**TASK DESCRIPTION**
The reply should hold only the lines from the one with "The Western Cape" to the one with "Het pand van", both ends kept, exactly as they appear below, without any pictures.

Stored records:
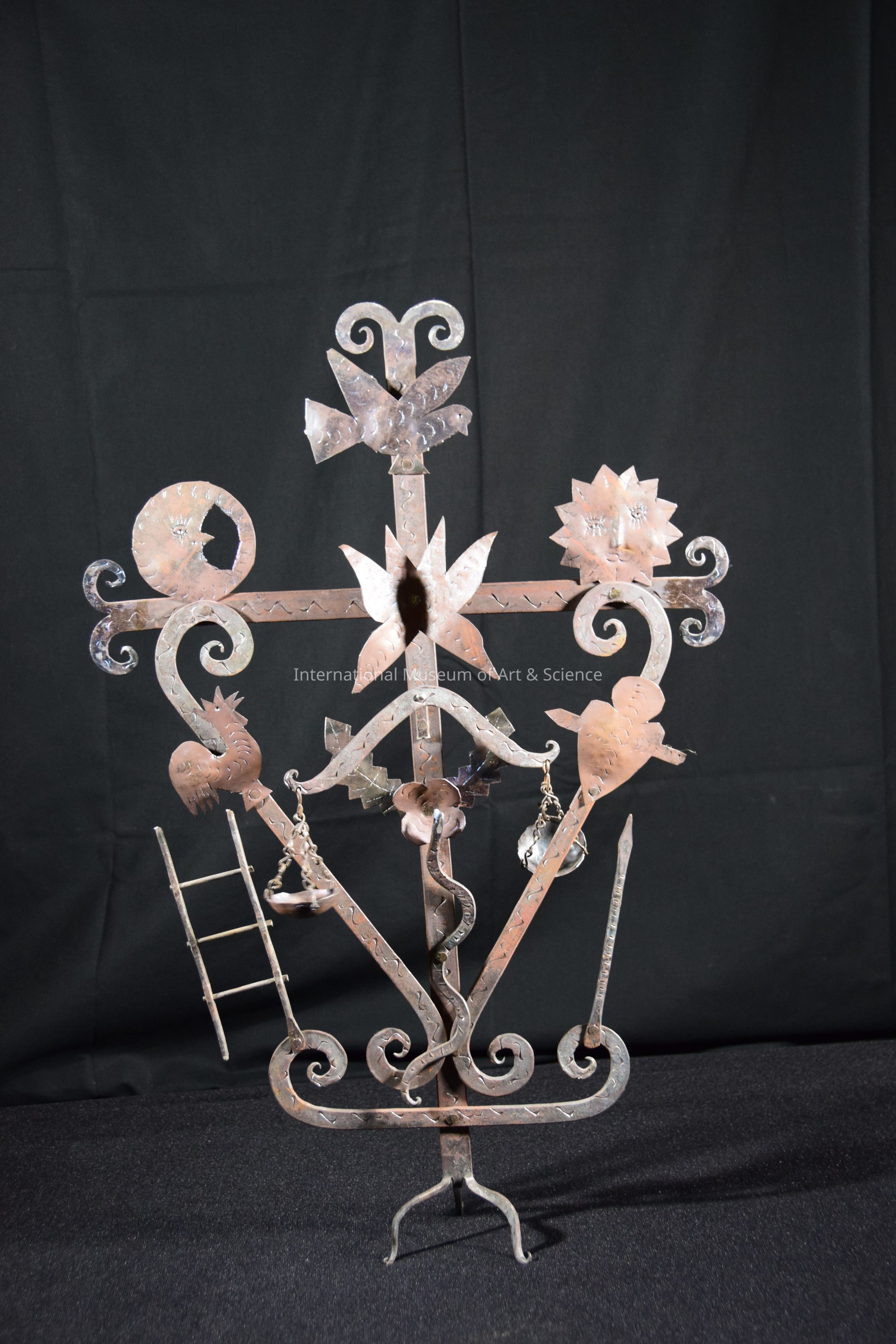 An iron cross. The cross stands on a 3-legged base. it is decorated with religious symbols, including a serpent, a ladder, a spear, a heart, a rooster, a dove, the sun and the moon. The metal has a patina.Made/Created
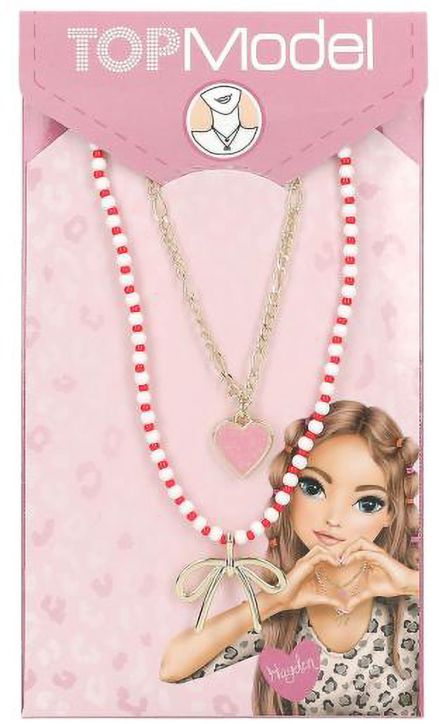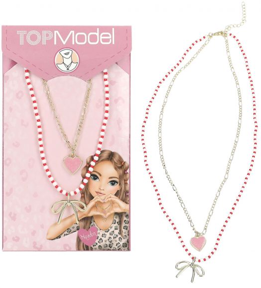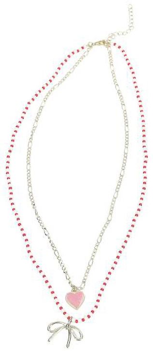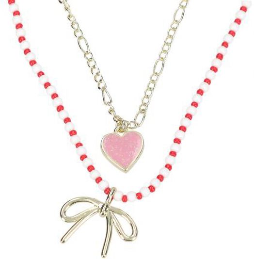 Двойно по-красиво! Двойното колие се състои от по-късо златисто колие с розово блестящо сърце и по-дълго колие от бели и червени мъниста със златна висулка с панделка.
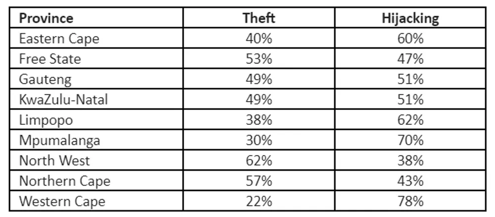The Western Cape is the province that sees the highest number of hijackings in relation to the thefts, however at 78% to 22%. This is followed by Mpumalanga (70/30), the Eastern Cape (60/40) and Limpopo (62/38), while Gauteng and KZN are tied at 51/49.
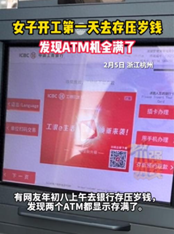女子遭遇存满情况 2025年2月5日,浙江杭州一名女子在年初八的上午前往银行,准备将收到的压岁钱存入银行。然而,她惊讶地发现两个ATM机都显示"存满"。
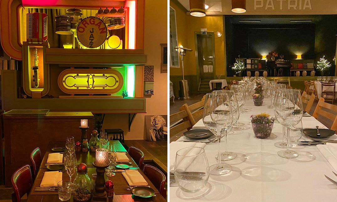 Het pand van Restaurant Café Modern was eerst een dorpsschool. Om dat niet te vergeten is het restaurant sfeervol en gezellig ingericht met een knipoog naar vervlogen tijden. Waan je even in de jaren '50 met Marilyn Monroe, Fred Astaire en Grace Kelly. Ook het originele Decap-orgel is nog geheel intact. Ervaar de gezellige ambiance en geniet van een zalig Belgisch speciaalbiertje met een lekkere hap erbij.
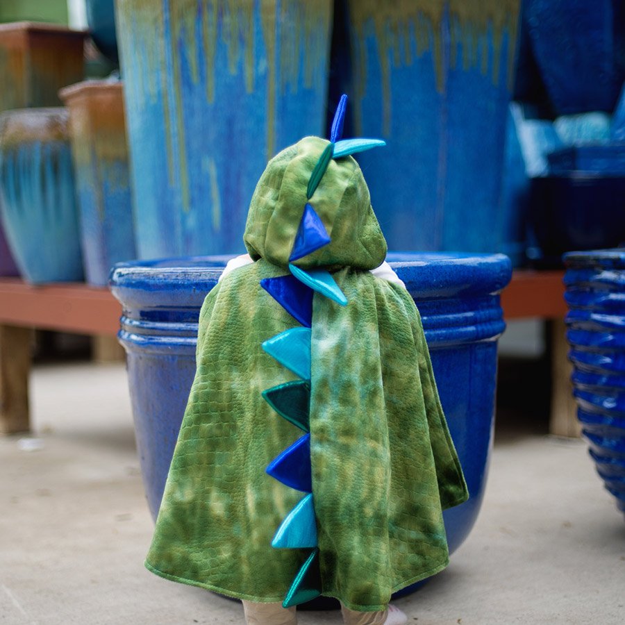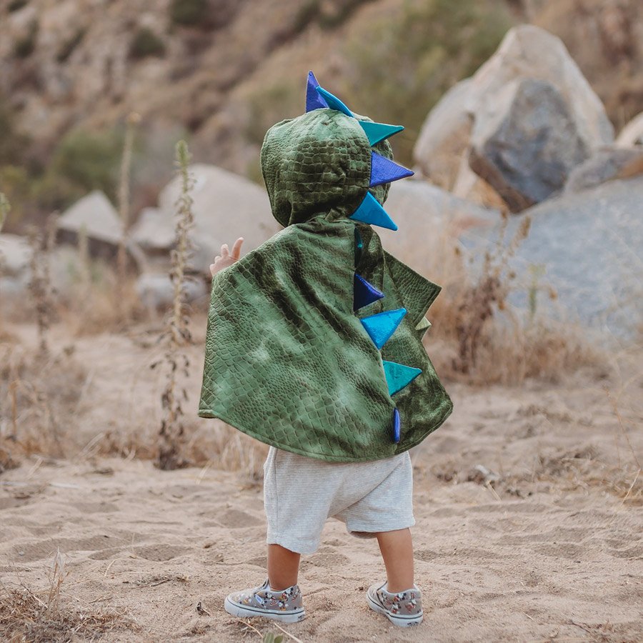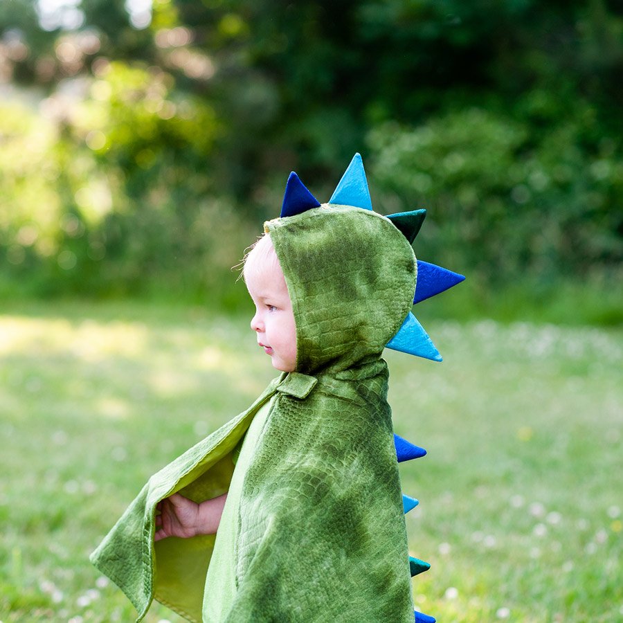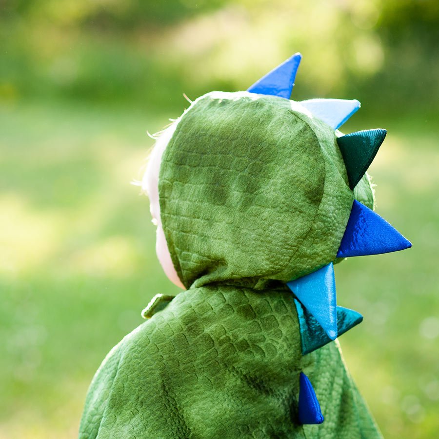 Esta Capa de Dragão irá fazer do seu Bebé um verdadeiro cuspidor de fogo. Com uma capa de veludo com textura em escamas ninguém vai parar a imaginação até dos Bebés mais pequenos entre os 12/24 Meses ou os 2/3 Anos. Esta capa de Dragão é feita de veludo macio e com efeito de escamas com vários tons de verde para um visual de Dragão perfeito. Este disfarce em capa vai proporcionar ao seu pequeno inúmeras horas de brincadeiras emocionantes e aventuras cheias de fantasia! É sem dúvida uma óptima capa de Dragão de grande qualidade. Os espigões são forrados com espuma e foram desenhados para ficarem em pé o que confere um efeito muito real a esta fantasia. Tem um fecho em velcro no pescoço o que faz com que esta Capa seja muito fácil de colocar e de tirar.
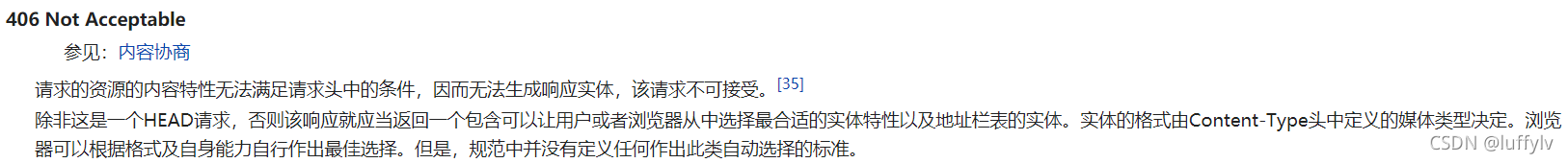 说白了就是,不管是前端调用后端接口得到数据还是跨服务间接口的调用,若被调用者返回的数据的格式与调用者期望得到的数据格式不符或不能转换为调用者想要转换的数据格式便会报406异常。

**TASK RESPONSE**
The Western Cape is the province that sees the highest number of hijackings in relation to the thefts, however at 78% to 22%. This is followed by Mpumalanga (70/30), the Eastern Cape (60/40) and Limpopo (62/38), while Gauteng and KZN are tied at 51/49.
女子遭遇存满情况 2025年2月5日,浙江杭州一名女子在年初八的上午前往银行,准备将收到的压岁钱存入银行。然而,她惊讶地发现两个ATM机都显示"存满"。
 Het pand van Restaurant Café Modern was eerst een dorpsschool. Om dat niet te vergeten is het restaurant sfeervol en gezellig ingericht met een knipoog naar vervlogen tijden. Waan je even in de jaren '50 met Marilyn Monroe, Fred Astaire en Grace Kelly. Ook het originele Decap-orgel is nog geheel intact. Ervaar de gezellige ambiance en geniet van een zalig Belgisch speciaalbiertje met een lekkere hap erbij.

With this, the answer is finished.